(Exercise requirements) Restate word for word each line from the one containing "ルーフサンシェードを閉めると" through the end of the material, and nothing more. Drop every picture.

─── Source material

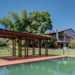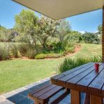 The covered patio has an 8-seater bench where guests can relax and enjoy the outdoors. The pool is only a few metres from the patio.
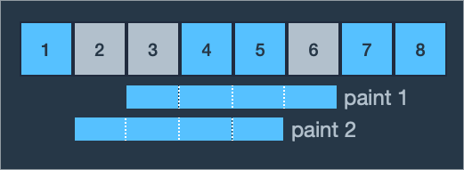 - 예제 1번은 2, 3, 6번 영역에 페인트를 다시 칠해야 합니다. 롤러의 길이가 4미터이므로 한 번의 페인트칠에 연속된 4개의 구역을 칠할 수 있습니다. 처음에 3, 4, 5, 6번 영역에 페인트칠을 하면 칠해야 할 곳으로 2번 구역만 남고 1, 2, 3, 4번 구역에 페인트칠을 하면 2번 만에 다시 칠해야 할 곳에 모두 페인트칠을 할 수 있습니다.2번보다 적은 횟수로 2, 3, 6번 영역에 페인트를 덧칠하는 방법은 없습니다. 따라서 최소 횟수인 2를 return 합니다.
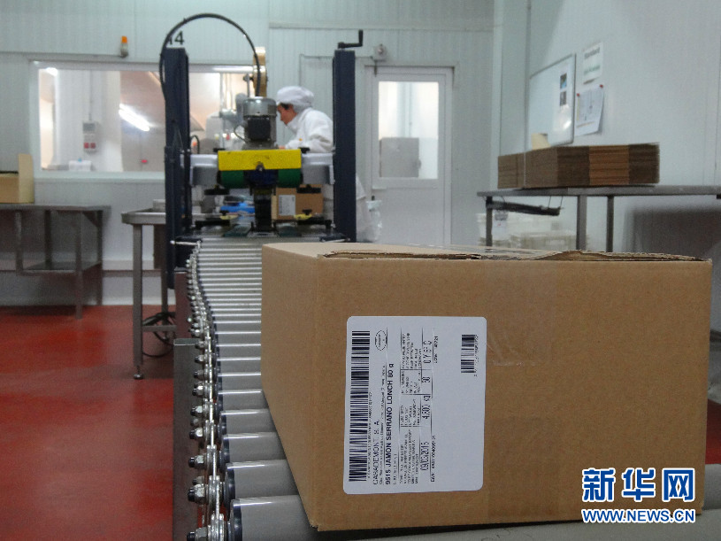 裝滿切片火腿的紙盒。我們可以看到,處于食品加工安全和衛生的考慮,切片和裝盒是在兩個不同的房間里。
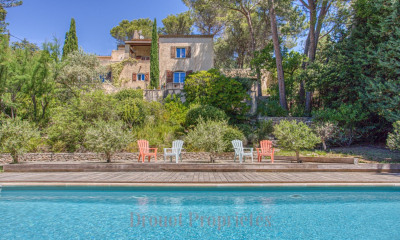 Tucked up against the rocks on a hillside, this house presents 160 sq.m of living area exuding Provençal charm. Boasting commanding south-facing views, the property is equipped with several terraces from which you can admire the landscape at any time of day. The interior consists of four bedrooms and a welcoming living area overlooking the natural surroundings. Outside, there is a swimming pool, a pétanque area in the shade of pine trees and a natural garden that follows the contours of the hillside. This intimate house nestling against the rocks is a perfect find for all lovers of tranquility, sunshine, views and cicadas.
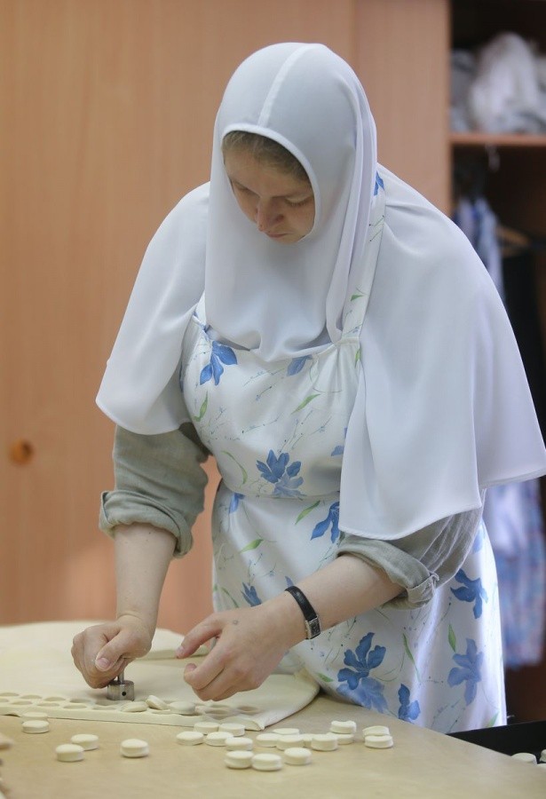 В числе других сестер инокиня Иулиания встает к разделочному столу: с одной стороны разделывается тесто на «верхи», с другой – на «низы». Процесс конвейерный: кто-то режет, кто-то складывает отпечатанные «верхи» на доски, остальные ставят печати. Выпечка просфор на самом деле содержит много деталей и тонкостей и требует ювелирного мастерства, ловкости рук, точности, скорости, быстроты реакции. Фотограф едва успевает запечатлеть все нюансы – так быстро движется «конвейер».
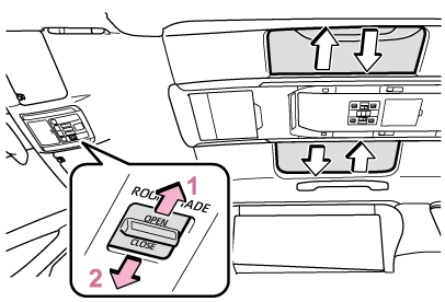 ルーフサンシェードを閉めるとき、異物の挟み込みを感知すると、作動が停止し少し開きます。
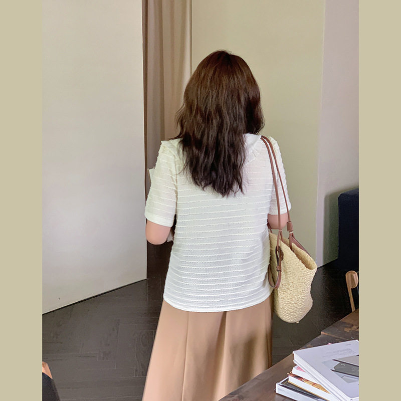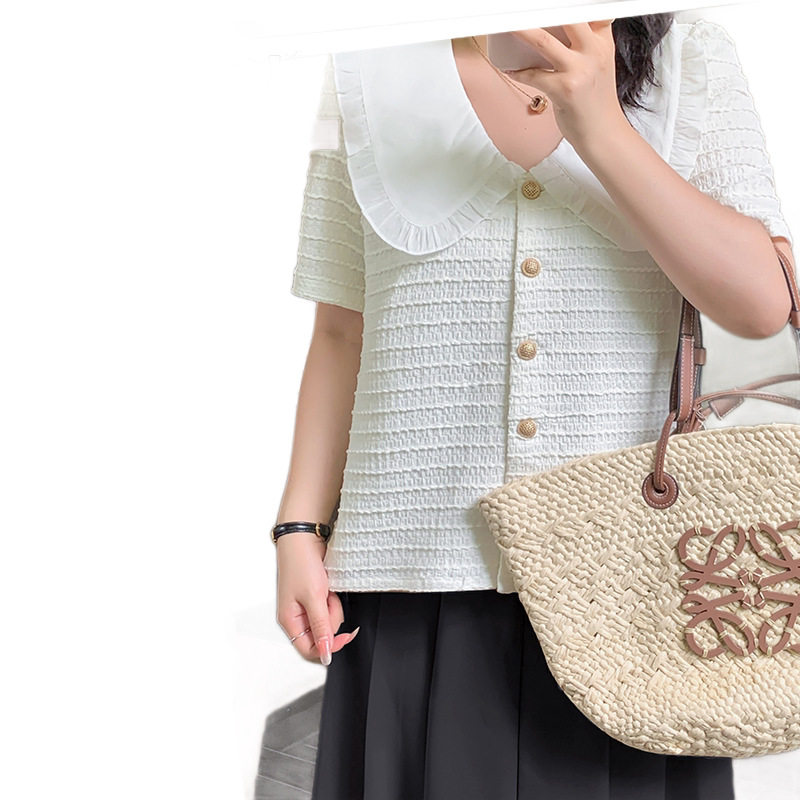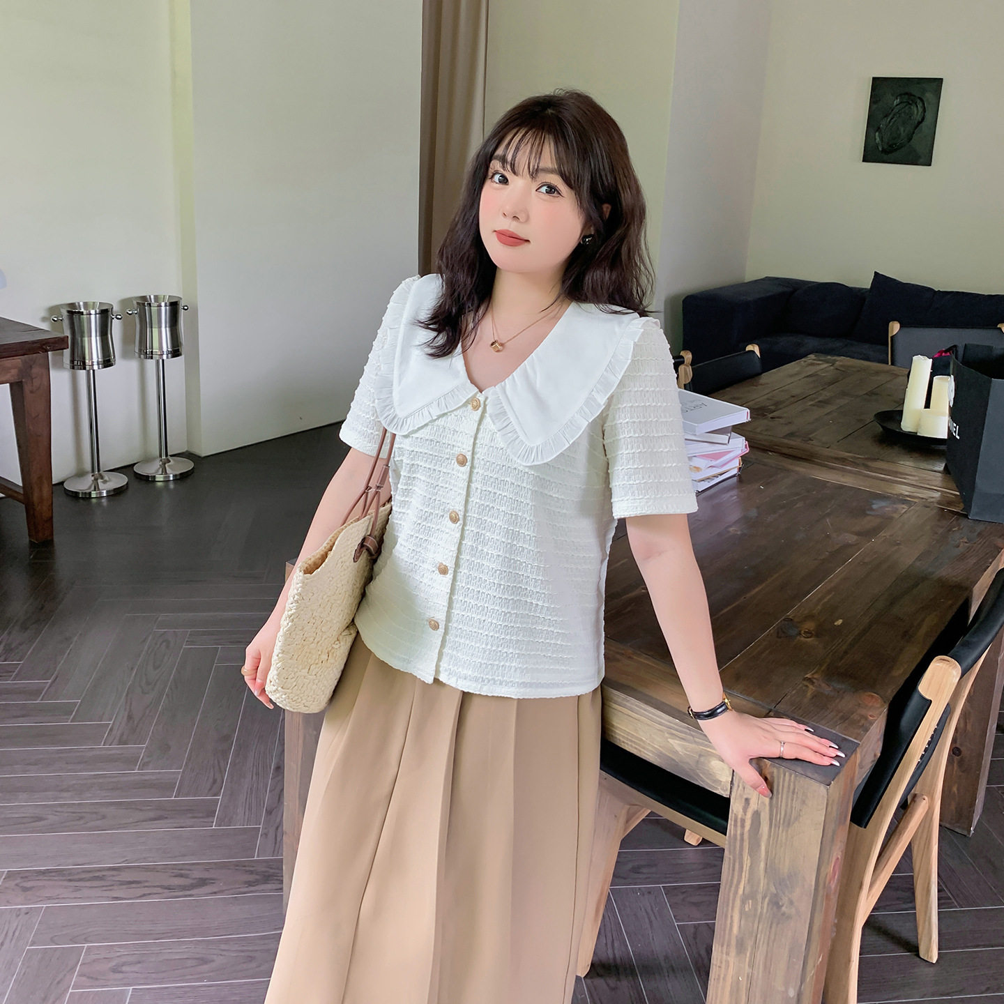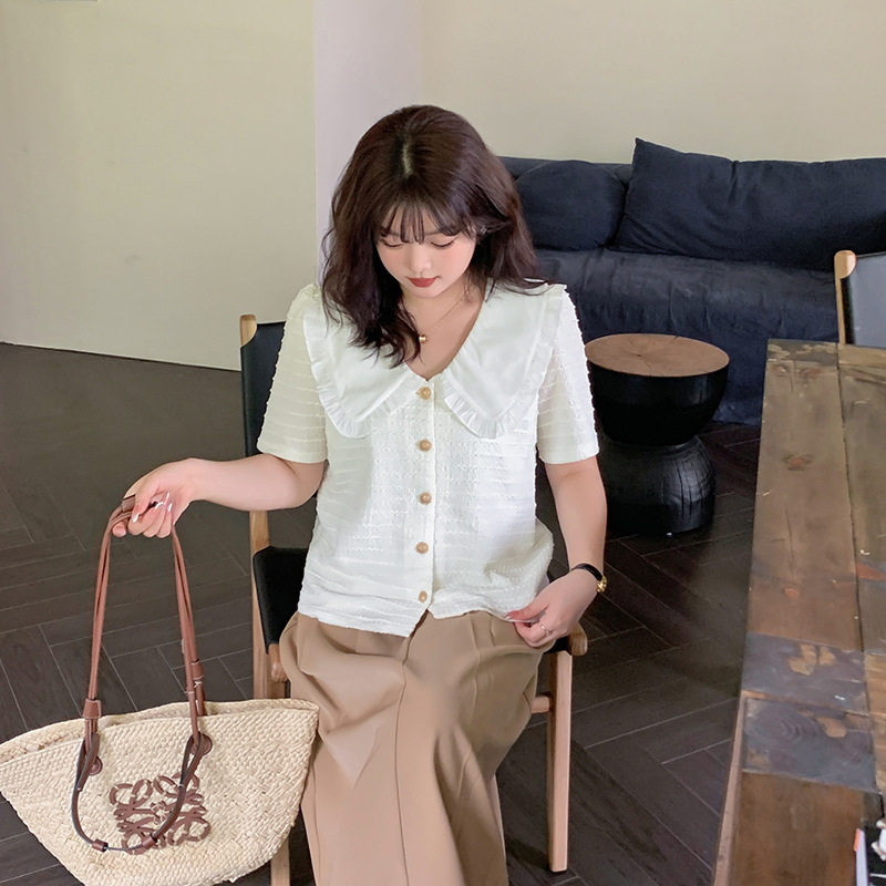 7781大码夏季新款韩版娃娃领短袖衬衫女宽松显瘦百搭通勤风上衣

──────

(Reply)
 ルーフサンシェードを閉めるとき、異物の挟み込みを感知すると、作動が停止し少し開きます。
 7781大码夏季新款韩版娃娃领短袖衬衫女宽松显瘦百搭通勤风上衣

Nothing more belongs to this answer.